A summary paragraph:

The French government is hoping to help consumers – and increase growth – by making it illegal to manufacture products with artificially shortened lifetime. We argue that proving such case will be nearly impossible in modern technology and the ban will act as a tax, with consequences even worse than the status quo. If governments want to artificially boost production, they should in fact subsidise products with shortened lifetime, instead of banning them. 

 Of course, better still to leave things alone.  The key to the above paragraph is the word "artificially," the point being that this law doesn't even succeed on its own cockeyed terms.  Amazing.

I should note that Petr's blog is generally quite insightful.  You might follow him on Twitter at @iref_eu .  Some nice detail on economic problems in Europe.  The piece on Greek debt payments was surprising to me....I guess I bought the propaganda.  But it turns out that Greece is not "crippled" after all.

2 comments:

Paul Gowder said...

Hold on though. There's a way of looking at planned obsolescence that the linked post doesn't consider.
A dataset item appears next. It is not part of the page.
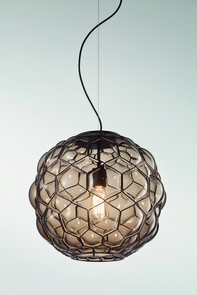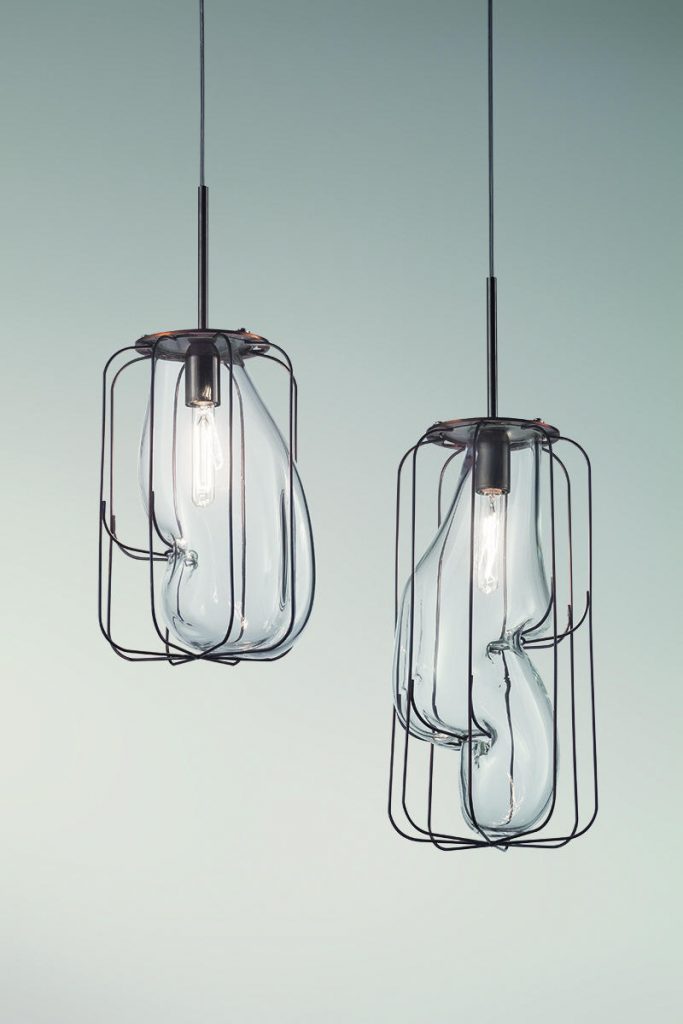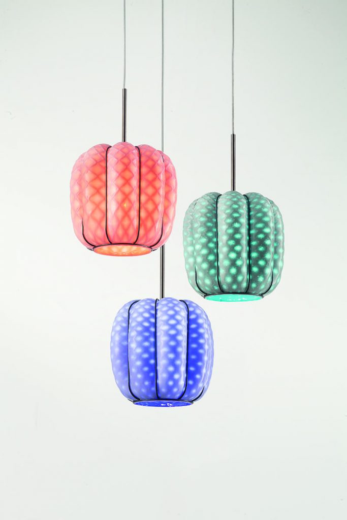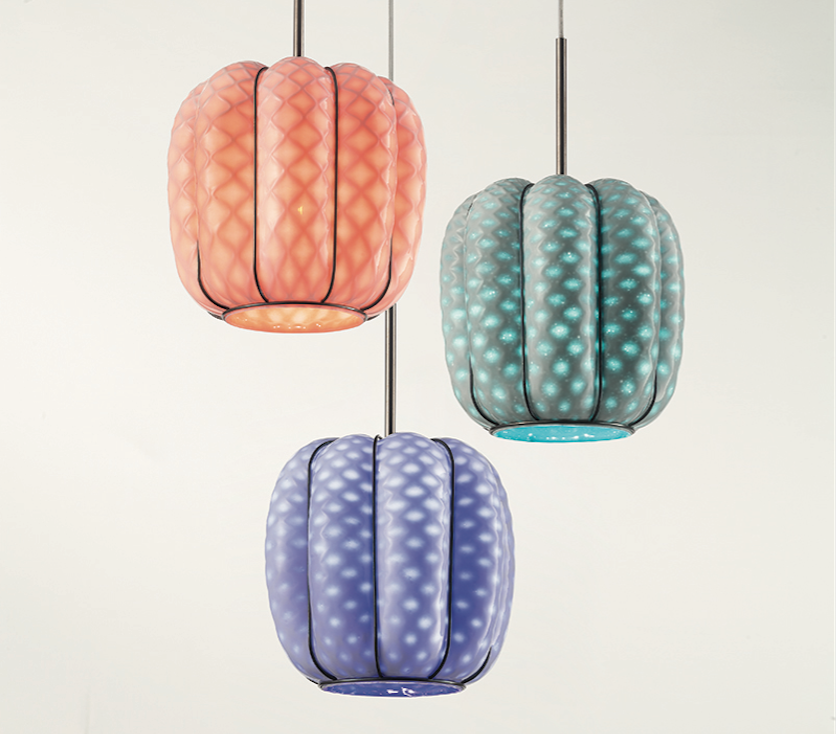 At the appointment with Light+Building 2018, Siru attended the event showing new products created in cooperation with international designers, able to re-elaborate the traditional concept of glass blowing production. Thanks to the experience and knowledge in techniques and craftsmanship arts of his founder Rudy Marinotto, Siru keeps having a rash attitude towards experiments in the employment and processing of glass, in order to get a highly customized production. The glass, a modular material that leaves space for creativity, has given rise to a huge range of shapes, finishes, colours, decorations, which define the uniqueness of the products. Since 1989, Siru is able of melting the operational and contextual needs that are typical of a company with the natural tendency of considering itself as a “research workshop” rather than an industry in common meaning. From this definition, Siru derives his tireless fervour in making research and experiments. New combinations of colours, surfaces, textures, metal cages create objects of undoubted worth, completely unrelated to the serial mass production. The DESIGN and GLASS collections have been enlarged by 8 new glass products, according to the most ancient Murano artisan traditions of blowing glass and with the aid of wooden moulds or metal cages created by famous designers. Inside Pause designed by Gumdesign the liquefied glass drop broadens by glassblower continues to transform its shape taking changeable ways. The elegant and timeless shape of the Cloche lamp, designed by Kanz Architetti, is part of our ancestral memory, while the decreasing rhythm of the metal rings, based on Fibonacci’s numerical sequence, brings its verticality back to the genuine pleasant proportions of the golden section. The Cage project starts from the experience of Odoardo Fioravanti in the design of industrial products and his passion for classic outdoor lamps with protective cages. Hence the thought to blow glass into structures which allude to those forms and could domesticate the aesthetic, bringing it inside the houses. Organic shapes are a constant source of inspiration because they often show the most obvious solution to a structural problem. The caged glass is all about surface reticulation, like shells that may be a valid example. Specifically, in turtles, shells reticule are quite similar to the metal cage, a more rigid frame under which the rest of the shell expands. Galapagos designed by Giorgio Biscaro follows exactly the same generative approach, starting from a simple hexagonal shape, then expanding it parametrically and wrapping the whole pattern into a very basic solid, a simple sphere like the curved and almost spherical shells of testudo turtles. In the Rudy Marinotto’s Nest project the milky white shell and pastel colours are hidden in the surface worked with baloton technique, which is noticed only when the light is on. A magic lamp, in which the initial shades blend in a single colour stain. Coloured and elegant, the Faro project by Rudy Marinotto reflects the light where necessary through the baloton surface of the glass and transmits its texture, spreading bright effects outside. A rounded coloured metal head emphasizes its shape. The pendant lamp Suona designed by Büro Famos aims to interpret Venetian glassmaking tradition in a contemporary way. Different finishes and surfaces of the monochrome glass create intriguing beauty, a discreet highlight in every environment.

Suppose a firm can, for the same cost, make products that last for three years or for five years. And suppose consumers can't observe durability,* but firms can observe the durability of their competitors. Then isn't there an obvious equilibrium in which everyone chooses the three-year durability, and there's no competitive advantage to switching?


*maybe the goods are cheap enough, and they discount the future highly enough, that they aren't willing to invest in attending to durability over time, for example. If consumers are sufficiently unable to observe durability it might even be possible to outright defraud them.

Anonymous said...

Good point, though the article does say that one of the conditions for PO to survive, consumers must be foolable.. (unable to observe...) - and producers must be able to coordinate in a cartel. Which is pretty much what you are suggesting here.

Still, even under your conditions the cheater may break up the equilibrium if he can invest in a credible signal to "unfool" the customers and show them that theirs is a 5year product..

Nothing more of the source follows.